Get ready for a crash course on the Saku Chitose style! When Kenta Yamazaki, former shut-in and all-around loser, asks Saku Chitose to teach him how to become popular at school…Saku can’t quite refuse. After all, he’s the man who works magic and takes care of things―everybody’s hero. Under his instruction, Kenta faces a head-to-toe transformation from the way he talks to his fashion choices. Will he finally start living the dream? Or is the life of a popular kid harder than he thought?
It’s back to school for perennial shut-in Kenta, but only if Chitose can turn him into a rough approximation of somebody who doesn’t suck. Stand back for a lot of higher thought from the lowest brows as I try and make the case for anybody reading this.
No, but really, I cannot stop reading this series. It’s good, but also awful. There’s a streak of misogyny that may or may not be a joke on Chitose’s part, but using the term ‘harem slut’ to describe any of your friends is probably a bit of a leap for any definition of good relationships.
But Chitose has some good points about standing up and forging your own path in life, rather than just letting life dump on you and shying away from it. He tough loves the hell out of Kenta, but it’s heavily implied Kenta would end up a real creep without it.
And it doesn’t completely judge his otaku nature, merely points out that balance is possible in all things and some confidence goes a long way. And maybe girls without a mind of their own are boring. There are some actual points being made in all this.

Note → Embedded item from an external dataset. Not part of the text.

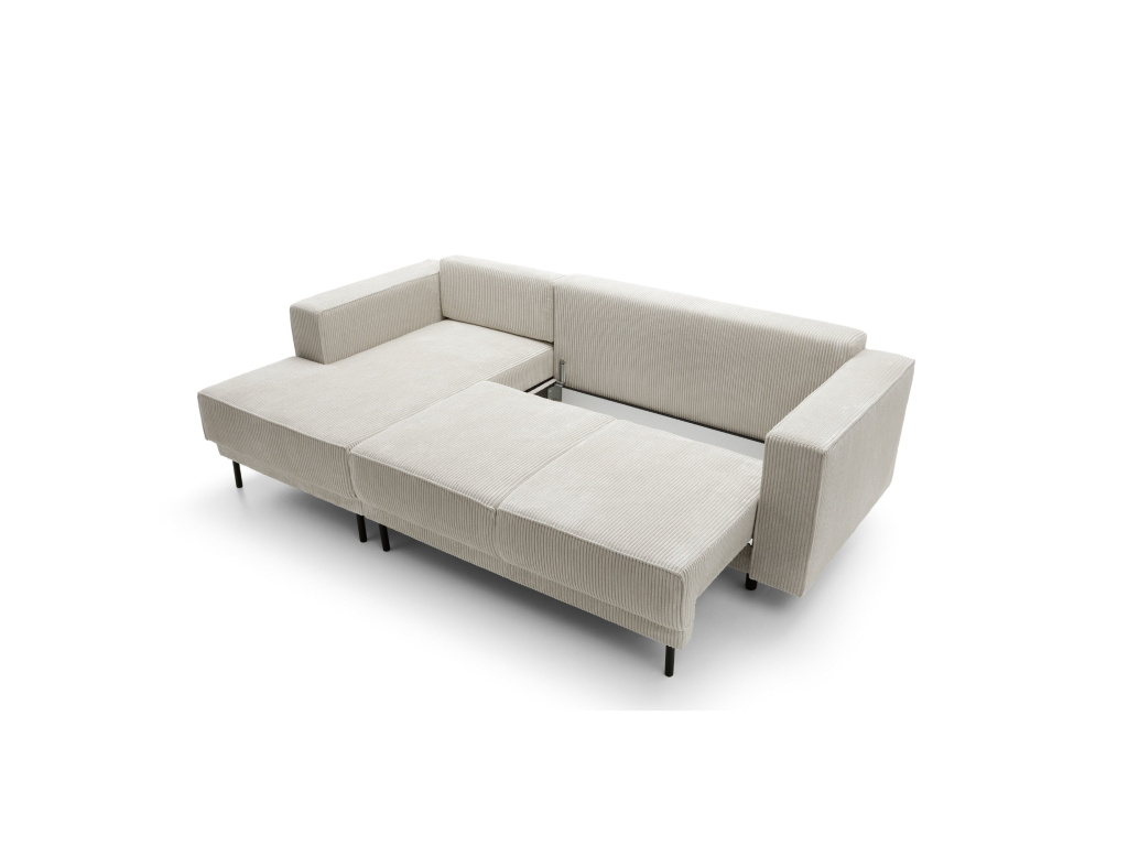 Modo I je rohová pohovka, která dokazuje, že jednoduchost může být stylová i funkční zároveň. Její čisté linie, minimalistický tvar a decentní ozdobné lemování vytvářejí kus nábytku, který se bez problémů hodí do jakéhokoli moderního prostoru – od kompaktního bytu až po prostorný obývací pokoj. Jemně tvarované opěradla a hluboký, měkký sedák vás zvou k relaxaci – bez ohledu na denní dobu. Díky praktické funkci spaní se Modo I snadno promění v pohodlnou postel a poskytne vám další prostor pro regeneraci. A prostorný úložný prostor na ložní prádlo vám umožní udržet si pořádek a mít vše potřebné vždy po ruce.

Which is all good, but, man, the balls (or equivalent) on this thing. After all that speechifying and the revelation that Chitose is in this for his own image and if that helps Kenta, well, great, but whatever, we end up going shopping for clothes. And you had best believe that Yuuko shows up in some seriously cute clothes that the manga lingers on for several pages.
I’m still not sure if that’s pandering or just calling out the audience. That’s the thing about this story - I have no idea if it’s heartfelt or cold as ice or both. It depicts a very different high school experience, the popular crowd, than we usually see, and that’s actually a really refreshing take on this genre.

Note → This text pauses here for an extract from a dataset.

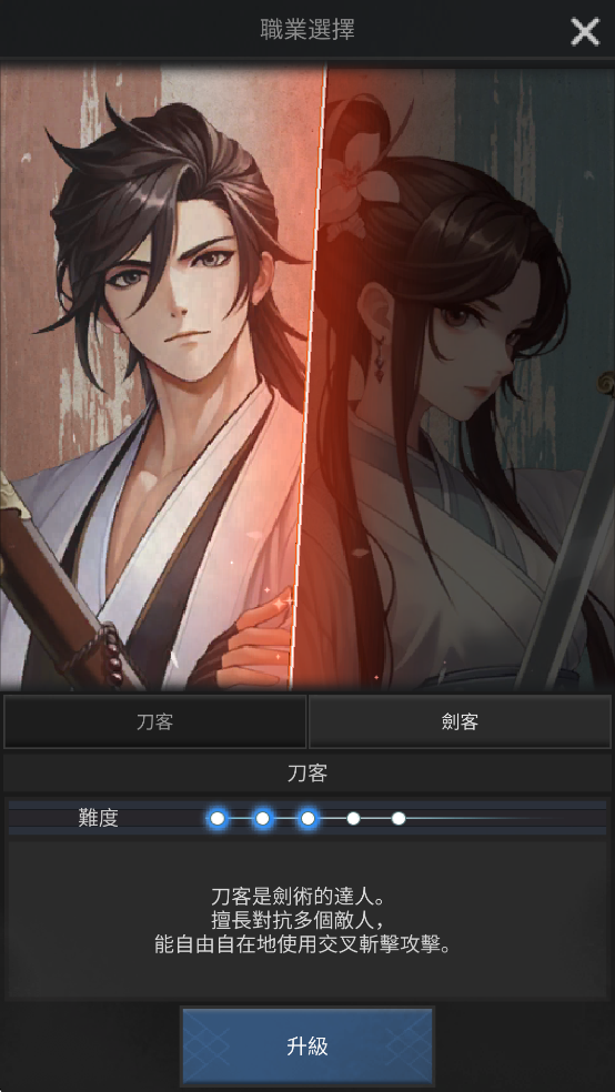 3、物理系分为刀客和剑客,魔法系分为气功师和拳法家,其中刀客和气功师更为简单适合新手,如果你是老手或者想要更大难度可以选择拳法家。

But there’s still infighting and problems and Kenta is way out of his depth and has little hope of fitting in, so where is that going to leave him? He’s got a bit of a revenge plot going on, nothing more extreme than making himself over to impress a girl who dissed him, but the way this book is going, it’s as like to fail as not.
It’s not like this book is starlight and rainbows, but it makes the point that you can be a decent human being and sometimes that’s enough. But is Chitose a decent human being? Hell if I know.
This story is insidiously well-written. Chitose has a plan and he knows how to play the game and he says some smart stuff. He makes good points, but whether he’s believing what he’s putting out or just a pure demagogue is a good question. He wouldn’t be the first teenager who thought he was all-knowing without knowing much of anything at all (guilty as charged).
Small bits of misogyny are still small bits of misogyny, so be warned in advance. I certainly wondered what the hell I was in for, but it feels more like the book acknowledging the genuinely awful and horny nature of teenage boys than anything more suspect. Hopefully.
4 stars - I love reading this manga, but I am genuinely not sure that I should. So it remains, but unlike a lot of car crash spectacle series, this is very, very well done for what it is. I just still can’t figure out what it is yet. If I had any more faith in it, it would get the full five because of how compelling it is, but I’m certainly not naive about how it comes across at times.